Claire Spencer
Senior Research Fellow, Middle East and North Africa Programme & Second Century Initiative
In the changing climate of the region, a return to violence in the disputed territory cannot be ruled out indefinitely.
A Sahrawi woman holds a Polisario Front flag during a ceremony to mark 40 years since it proclaimed the Sahrawi Arab Democratic Republic in the disputed territory of Western Sahara. Photo by Getty Images.A Sahrawi woman holds a Polisario Front flag during a ceremony to mark 40 years since it proclaimed the Sahrawi Arab Democratic Republic in the disputed territory of Western Sahara. Photo by Getty Images.

The Western Sahara conflict has eluded resolution for so long that the principles underlying United Nations-led efforts to seek an enduring outcome have become muddied almost to the point of cancelling each other out.

Forty-one years since its inception, diplomatic language rather than arms has become the medium for the continuation of the dispute. The annual highlight is the renewal of the UN Security Council’s peacekeeping and monitoring mission to the region at the end of April, which in the words of the US permanent representative to the UN, Samantha Power, was particularly 'challenging and contentious' this year.

For many, this is the forgotten conflict that pitches the defence of the right of self-determination of the Sahrawi people against the de facto restoration of Morocco’s sovereign control over territory formerly subject to a colonial-era Spanish protectorate. There is no obvious meeting point between these positions without a creative compromise, and the urgency of finding one has been mitigated by the absence of armed struggle since a ceasefire was implemented in 1991.

In the changing climate of the region, however, a return to violence cannot be ruled out indefinitely. In the Sahel and West African regions to the south of Western Sahara, Boko Haram has extended its reach from Nigeria to Cameroon, while Al-Qaeda-linked groups have attacked hotels and tourist resorts in Mali, Burkina Faso and Cote d'Ivoire since late 2015. The growing competition between the ISIS networks now based in Libya and the region’s Al-Qaeda affiliates intensify the risk that transnational terrorist groups will seek to exploit the divisions at the heart of this conflict for their own ends.

The diplomatic track

Since 2004, the UN has all but abandoned attempts to organise a referendum for the self-determination of the population of Western Sahara, which now also comprises Moroccan migrants since Morocco took control of the northwest African territory in 1975. The UN’s Mission for the Referendum in the Western Sahara (MINURSO in its French acronym) has nevertheless retained its name, even though its purpose has evolved into a military mechanism to monitor the 1991 ceasefire combined with a civilian function to report back to the Security Council on political developments.

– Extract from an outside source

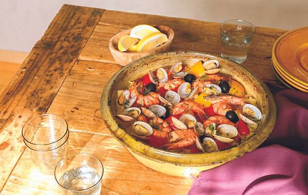 쌀 360ml(2홉), 머리 떼고 껍질 있는 상태의 새우 8마리, 빨강·주황 파프리카 1/2개씩, 해감한 바지락 200g, 씨를 제거한 블랙올리브 6알, 빗 모양으로 썬 레몬 슬라이스 1/2개, 다진 파슬리 적당량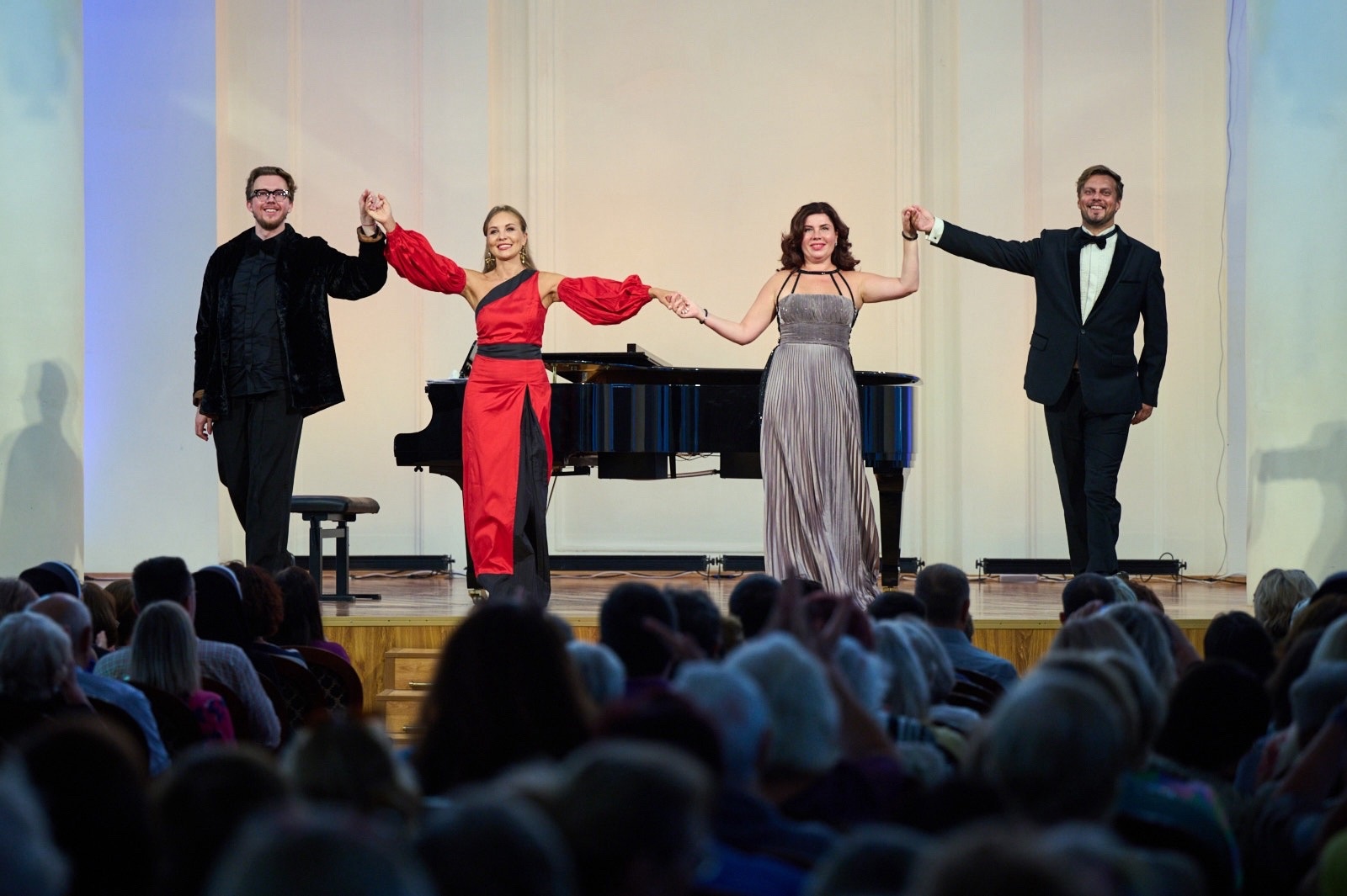 Конечно, здесь всегда ждут Валерия Гергиева: напомним, что он побывал в Алексине с Симфоническим оркестром Мариинского театра в рамках Пасхального фестиваля в 2022 году. А в этот раз от него в городок на Оке приехали певцы Мариинского театра: сопрано Жанна Домбровская, меццо Екатерина Сергеева, тенор Александр Трофимов, исполнившие вместе с пианистом Юрием Кокко фрагменты из опер и романсы русских композиторов. Поскольку всех желающих зал не вместил, то перед ДК поставили экран, куда шла прямая трансляция вечера. А туляки услышали эту программу на следующий день в Колонном зале Дворянского собрания. К слову, все события фестиваля были бесплатными: их проведение поддержало правительство Тульской области, выделив грант организатору проекта творческой лаборатории «Альфа Мюзик».

The UN’s approach over the past decade has been to urge the main parties to the conflict (Morocco, Algeria and the pro-independence and erstwhile armed Polisario Front representing the indigenous Sahrawis) to engage in negotiations towards a political solution at the regional level. Five rounds of negotiations have subsequently taken place, but as of December 2015, the UN secretary-general’s (then) personal envoy, Christopher Ross, reported back to the Security Council that they remained 'stalemated, with a solution needed more urgent[ly] than ever'. The incentives for the parties to reach agreement, however, have been consistently unbalanced in favour of the status quo and against Morocco’s diplomatic efforts to gain diplomatic recognition for its claim of sovereignty over Western Sahara.

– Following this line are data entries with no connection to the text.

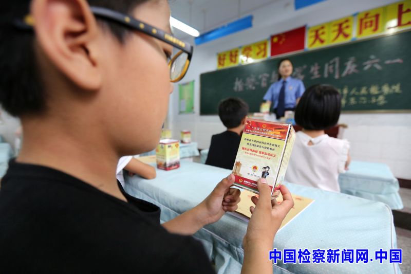 6月3日下午,河南省安阳市文峰区东门小学四级4班“法制课堂”上,一名男孩正在欣赏安阳检察院干警带来的“创意笔筒”。
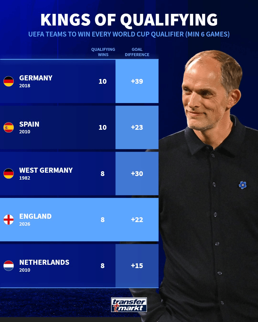 荷兰2010世预赛:8连胜,净胜球+15。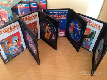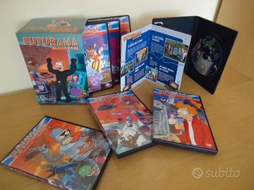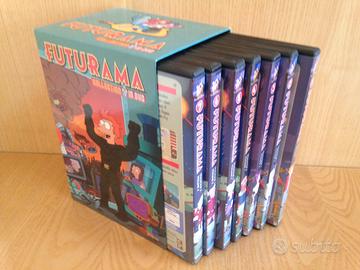 Futurama Collection in DVD! Con tutti gli episodi della prima e seconda stagione, compreso l'esclusivo cofanetto raccoglitore, da Edizioni Master. Il prodotto è stato utilizzato poco ed è sempre stato conservato e maneggiato con grande cura, come si può notare anche nelle foto. Contiene Stagione 1 - Volumi 1, 2 e 3; Stagione 2 - Volumi 1, 2, 3 e 4. In totale il box è composto di 7 DVD ognuno dei quali è corredato al suo interno da un fascicoletto a colori molto curato, che contiene le storie degli episodi, i personaggi, informazioni sull'autore e tante curiosità sulla serie di fantascienza più spassosa di sempre creata e sviluppata dal genio di Matt Groening e David X. Cohen. Ogni disco è selezionabile in lingua italiana, francese ed inglese, con relativi sottotitoli ed ogni singolo volume ha tanti contenuti extra, tra cui commenti audio agli episodi, bozzetti, cortometraggi, e scene inedite mai viste in TV.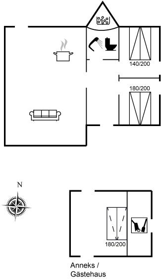 Der er i alt 3 soveværelser. Sovepladserne fordeler sig på: 4 sovepladser i dobbeltsenge. 2 sovepladser i sovesofa (dobbelt).- 2 af disse sovepladser befinder sig i et anneks. Derudover er der 1 stk. barneseng.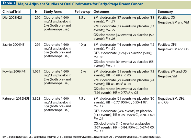 45. Paterson AH, Anderson SJ, Lembersky BC, et al. Oral clodronate for adjuvant treatment of operable breast cancer (National Surgical Adjuvant Breast and Bowel Project protocol B-34): a multicentre, placebo-controlled, randomised trial. Lancet Oncol. 2012;13:734-42.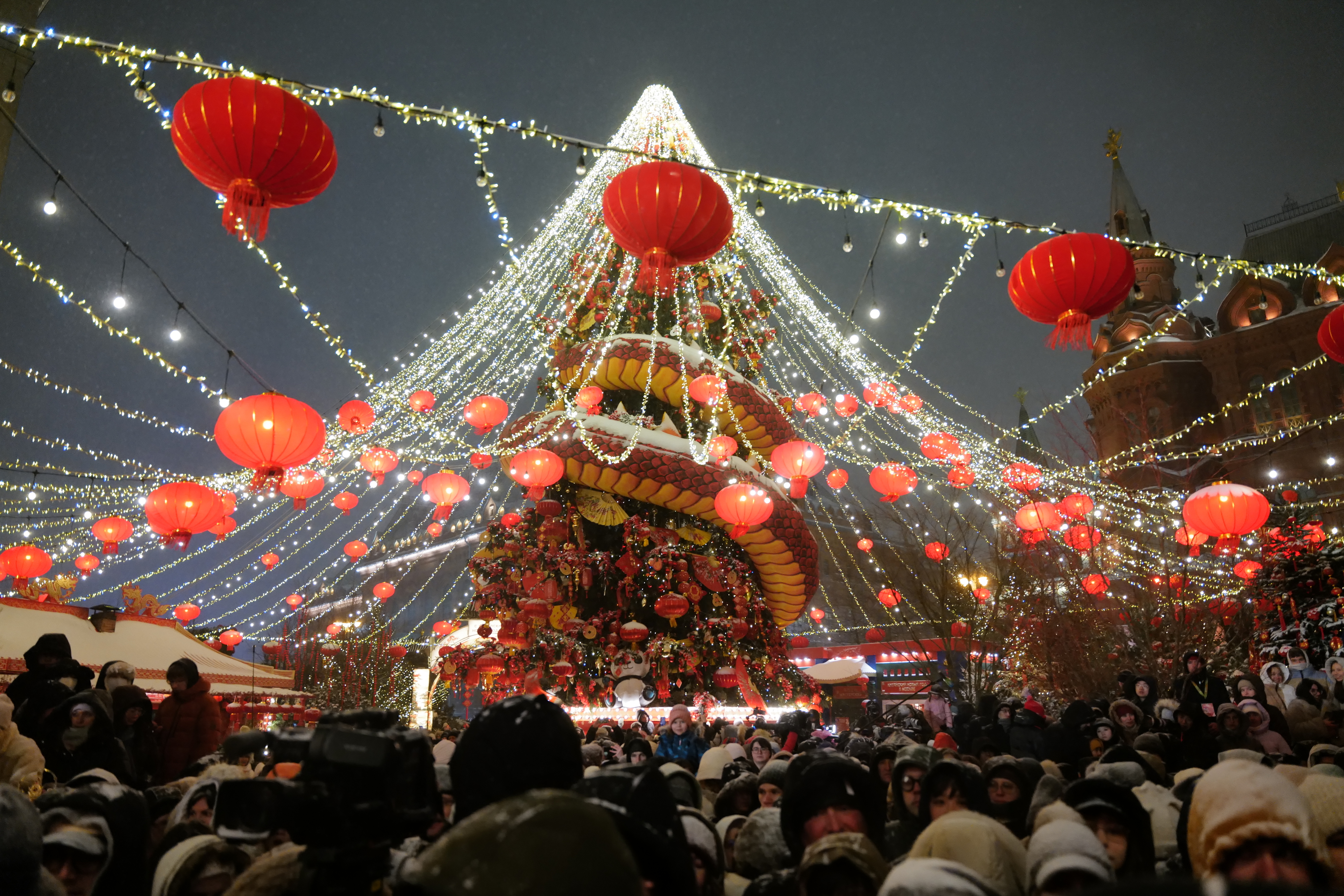 莫斯科市中心马涅什广场上举办的“欢乐春节”中国文化庙会人山人海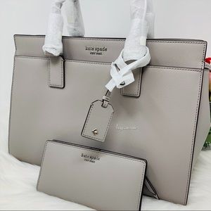Kate spade NY large slim bifold wallet taupe more gray and Cameron large satchel crossbody set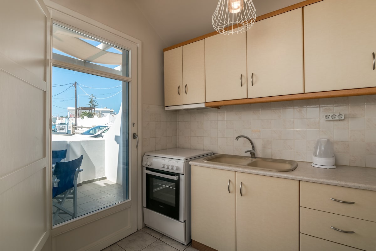 Christina Rooms se encuentra a 400 m de la hermosa playa de arena de Papikkinou con bandera azul y a solo 1 km del bullicioso centro de la ciudad (15 minutos a pie). Nuestra habitación de 20 metros cuadrados está equipada con nevera, TV y aire acondicionado. Hay 2 balcones (uno con escaleras y entrada) y algunas vistas al mar. El baño estaba reformado Hay un patio tradicional (no privado) con muchas flores y vistas al mar a lo lejos. ¡Estamos muy contentos de hacer que tu estancia en Christina Rooms sea cómoda e inolvidable!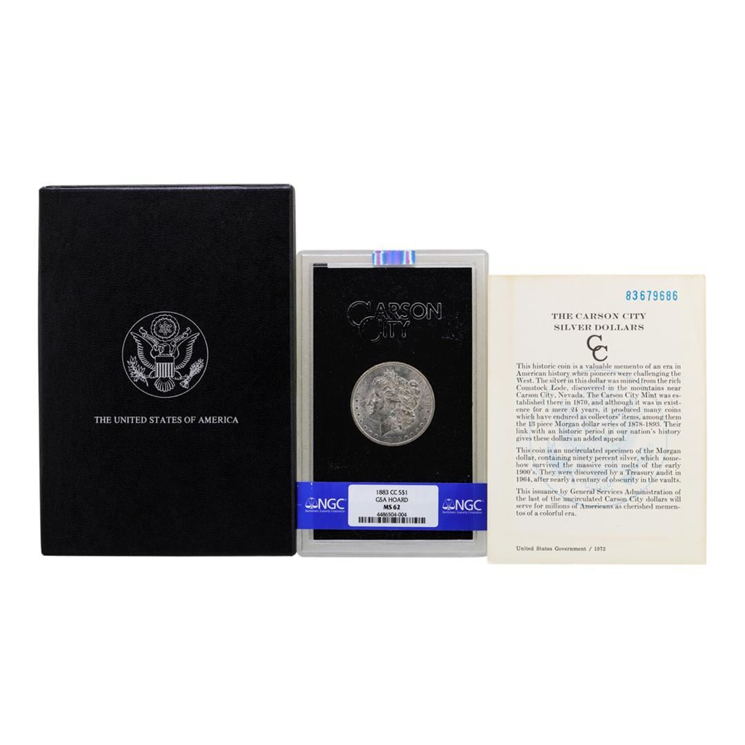 One 1883-CC $1 Morgan Silver Dollar Coin GSA NGC MS62 w/Box & COA. NGC Certified.

Algeria, which houses the main Sahrawi refugee camps at Tindouf controlled by the Polisario in southern Algeria, claims not to be directly implicated in the conflict, but is merely acting in defence of the exercise of the Sahrawis’ right to self-determination. Against claims by the Moroccans of obstructionism, in reality the Algerian government is in no hurry to see the conflict resolved and has refused to participate in the negotiating process.

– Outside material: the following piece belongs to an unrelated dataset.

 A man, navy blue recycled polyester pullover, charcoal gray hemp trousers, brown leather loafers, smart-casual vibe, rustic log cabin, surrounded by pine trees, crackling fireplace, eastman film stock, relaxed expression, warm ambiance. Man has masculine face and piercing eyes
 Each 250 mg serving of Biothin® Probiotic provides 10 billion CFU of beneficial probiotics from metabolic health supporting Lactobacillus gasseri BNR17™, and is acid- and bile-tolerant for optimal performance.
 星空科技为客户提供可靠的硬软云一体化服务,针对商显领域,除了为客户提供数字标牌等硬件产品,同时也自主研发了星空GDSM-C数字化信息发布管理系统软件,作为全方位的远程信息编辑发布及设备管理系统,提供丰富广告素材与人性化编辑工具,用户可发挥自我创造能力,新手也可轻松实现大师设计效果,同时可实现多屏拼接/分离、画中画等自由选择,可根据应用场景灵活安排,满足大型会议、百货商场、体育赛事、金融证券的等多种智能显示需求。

For Morocco, defending its sovereign claim to Western Sahara is the most important issue in its foreign diplomacy and external relations. The Algerian authorities argue the opposite: they have no stake in the outcome except to uphold the post-colonial rights of the Sahrawi people. To this end, Algeria materially and diplomatically supports the Polisario’s government-in-exile, the Sahrawi Arab Democratic Republic (SADR), and has also gained recognition for SADR among the majority of African Union (AU) states.

This leaves Morocco outside the AU, having rescinded its membership in protest. Morocco has also made little headway in achieving diplomatic recognition for its claims to sovereignty beyond a number of Arab League states, Pakistan and Turkey. Most notably, none of the permanent members of the UN Security Council have followed suit.

In the run-up to renewals of MINURSO’s mandate, Morocco successfully lobbied against the introduction of human rights monitoring to MINURSO’s functions in Western Sahara (proposed in 2013-14) and convinced the US to tone down the language of the most recent UNSC resolution 2285, agreed on April 29. This followed Morocco’s unilateral expulsion of 73 of the civilian contingent of MINURSO in March, without prior consultation with the Security Council—an action taken in protest at UN Secretary-General Ban Ki-moon’s allegedly biased use of the word 'occupation' in referring to Western Sahara during his first official visit to Tindouf in early March.

Diplomatic manoeuvring

For over a decade, the parties to the conflict have deployed more diplomatic energy in outmanoeuvring each other than in seeking an enduring settlement to the legal status of Western Sahara. To break out of this will require a different tack.

Since 2007, Morocco has proposed an autonomy plan for the Western Sahara, which US Ambassador Power still deems to be “'erious, realistic, and credible,' representing 'a potential approach that could satisfy the self-determination aspirations of the people of Western Sahara'. To satisfy this requirement, however, will need more concerted action by Morocco to implement plans initiated by King Mohammed VI to increase socio-economic investment into Western Sahara for the benefit of the young unemployed, above all. A US aid package of $1 million is currently being concluded to support a civil society and local governance programme in Western Sahara, the State Department having resisted including any of the direct investments urged by the US Congress that might imply US recognition of Morocco’s legal claims.

The altercation over Ban’s comments and Morocco’s expulsion of MINURSO personnel has nevertheless tried the patience of Morocco’s key supporters on the Security Council, who fear negative precedents being set for its oversight of UN peacekeeping and monitoring missions elsewhere. The 2016 annual report of the UN secretary-general refers to continuing reports of human rights and judicial violations in Western Sahara, even while UNSC Resolution 2285 welcomes 'the role played by [Morocco’s] National Council on Human Rights Commissions operating in [the Western Sahara towns of] Dakhla and Laayoune'. The clear implication is that human rights are being improved by some Moroccan agencies working there, but not by others.

Ensuring that its actions speak more consistently than its words would appear to be the best approach for Moroccan diplomacy in coming months, not least since under the terms of UNSC Resolution 2285, it has until July to reinstate the civilian contingent of MINURSO. Failing that, and failing some tangible progress in improving the capacity of young Sahrawis to resist the enticements of regional terrorist groups, the diplomatic initiative so often seized by Morocco may no longer be theirs to exercise in their favour.